It took some time, but Bank of Canada Governor Stephen Poloz and Bay Street finally seem to understand each other.
The biggest surprise around the Canadian central bank’s decision to raise interest rates on January 17 might have been how calmly the markets absorbed the shift in policy. Unlike last year’s consecutive increases in July and September, most traders saw this one coming.
The chief economists at Canada’s seven biggest banks all correctly predicted the move; prices for financial assets tied to short-term interest rates implied an 80 percent probability that the Bank of Canada would raise its benchmark a quarter point, which it did.
A few economists waited until a week before the announcement to place their final bets, but that’s okay, because it shows market participants are finally responding to data, instead of over-interpreting the central bank’s messaging. Poloz’s four-and-a-half years of conditioning are working.

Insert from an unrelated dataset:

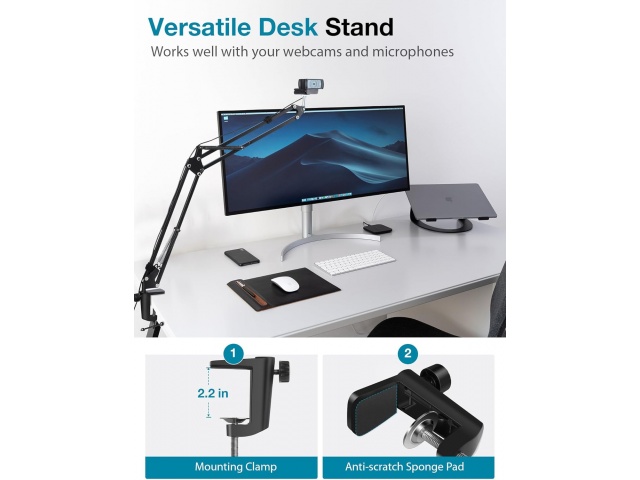 Ligero pero resistente: los brazos de doble refuerzo añaden fuerza para soportar mucho más peso, el resorte extra fuerte evita que el micrófono o la cámara web se caigan accidentalmente, generación de ruido y sacudidas. El soporte en sí pesa solo 1 libra, pero puede soportar casi 3.3 libras en comparación con la capacidad de carga de 2.2 libras de otros soportes de micrófono en el mercado. El soporte de carga mejorado lo hace lo suficientemente fuerte como para soportar micrófonos pesados.
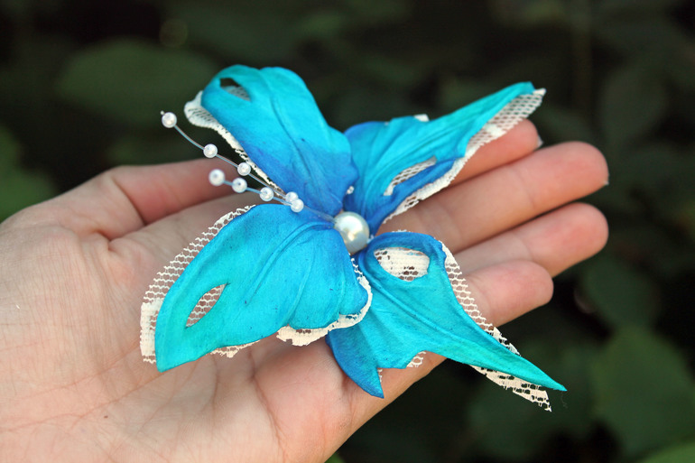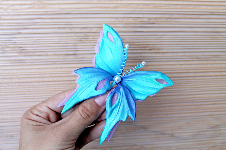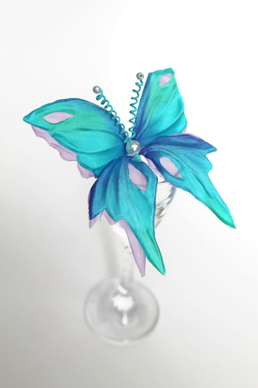 Я опять к вам с бабочками. Одна - повтор на заказ, а другая эксперимент. Обе крашены одними и теми же красками, но одна шелк, другая полиэстр. Разница не только в обработке, но и в покраске огромная. К сожалению не сделала фото, где они рядышком, т.к. заказ первым собрала и срочно надо было отправить.

This wasn’t the case last summer when a report showed GDP grew at an annual rate of 4.5 percent in the second quarter. It was an off-the-charts reading that demanded a response, particularly because the central bank that had sworn it would move when it received clear signals from data. Still, many economists and traders were surprised when the Bank of Canada raised borrowing costs.
That shock might have been exactly what market participants needed to understand how Poloz and his deputies on the Governing Council would likely respond to December’s Labour Force Survey from Statistics Canada that revealed the jobless rate fell to a record low. Policy makers have made clear their inclination to leave interest rates low, but there was no way to look past the strength of the data.
“I just find it on balance reassuring that the market reads the data similar to what we do,” Poloz said at a press conference after the latest policy announcement.
“That’s the other side of data dependence,” he added, a reference to his long-standing argument that central bankers and investors should be engaged in a two-way conversation, not one in which market actors are waiting on central bankers to tell them what to do. “The market is reacting to the data before we do,” Poloz said. “That’s very helpful.”
Let’s hope his peers are watching.
Most central bankers say they dislike the code words that have come to characterize their communications strategies. There is a general agreement that the US Federal Reserve’s tendency to telegraph its intentions contributed to the financial crisis by making the path of interest rates too predictable. A healthy debate about the state of the economy might have created doubt, giving investors an incentive to hedge. If more investors had been hedged going into 2008, the damage wouldn’t have been as severe.
But despite all that, the world’s major central banks remain reluctant to let investors walk on their own. Guidance proved useful in providing certainty during the depths of the financial crisis. Yet few have stopped providing it, even though the worst is long past. The Fed, the European Central Bank, the Bank of England and others seem to fear being the cause of too much market volatility.
Poloz is the exception.
He said that explicit forward guidance was something central bankers should provide sparingly, and that anyone who wanted to divine the path of interest rates should study the data, just as the central bank does.
This position earned him a legion of detractors. But he endured the criticism, and might now be making more friends than enemies. Instead of complaining, many analysts simply tempered their projections for Canada’s next interest-rate increase by advising their clients that policy would depend on the indicators.
“The [Bank of Canada] is more data-dependent than ever,” Frances Donald, senior economist at Manulife Asset Management, said in a note to her clients. “We believe Governor Stephen Poloz will continue to refrain from providing forward guidance, and markets will need to rely on their own interpretation of incoming data to front-run the [Bank of Canada].”
As long as the Fed and other central banks continue to speak in code, Poloz will have to contend with analysts and journalists who insist on seeking hidden meaning in the Bank of Canada’s choice of words.
In its policy statement, the Bank of Canada said that “some continued monetary policy accommodation will likely be needed to keep the economy operating close to potential and inflation on target.”
That’s an acknowledgement that if observers are expected to predict the path of interest rates on their own, policy makers must be as transparent as possible about the way they see things at any given time. And yet, there were those who wanted more. At the press conference, Poloz was forced to reassure that the word “some” in that sentence means the same as it does in “everyday language,” and nothing more.
Canada’s central bank still is less transparent than many of its peers. It doesn’t release minutes of its policy meetings, it doesn’t keep transcripts and it doesn’t allow the deputies on the Governing Council to say much publicly. At the same time, the institution is putting a lot of thought into how a modern central bank should communicate with the public.
Communication is on the agenda for the next mandate review, and policy makers have shown a willingness to tinker in real time. Previously, four of the Bank of Canada’s eight annual policy announcements were made without any context beyond the 400 or so words in statement. Starting this year, the central bank will ensure that each of those interest-rate decisions is closely followed by a speech and a press conference.
That’s a positive change, if policy makers are forthcoming about how they are interpreting economic developments. Based on recent events, there is reason to think that they will be.